**HOW TO COMPLETE THIS TASK**: Please output only the lines running from the one that contains "O professor Flavio" through the last line of the data below, exactly as they stand, with no pictures.

**SUPPLIED MATERIAL**:
──────────

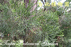 葉的描述:葉鱗片狀或針狀,三片輪生,幼樹之葉挾尖形。
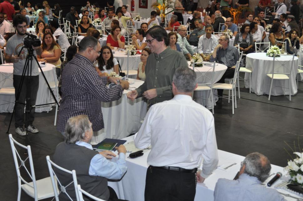 O professor Flavio Hasselmann recebe o diploma de Honra ao Mérito pelos 35 anos de dedicação à PUC-Rio.
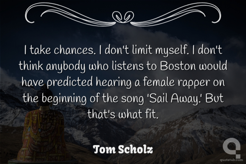 I take chances. I don't limit myself. I don't think anybody who listens to Boston would have predicted hearing a female rapper on the beginning of the song 'Sail Away.' But that's what fit.

──────────

**ANSWER SECTION**:
 O professor Flavio Hasselmann recebe o diploma de Honra ao Mérito pelos 35 anos de dedicação à PUC-Rio.
 I take chances. I don't limit myself. I don't think anybody who listens to Boston would have predicted hearing a female rapper on the beginning of the song 'Sail Away.' But that's what fit.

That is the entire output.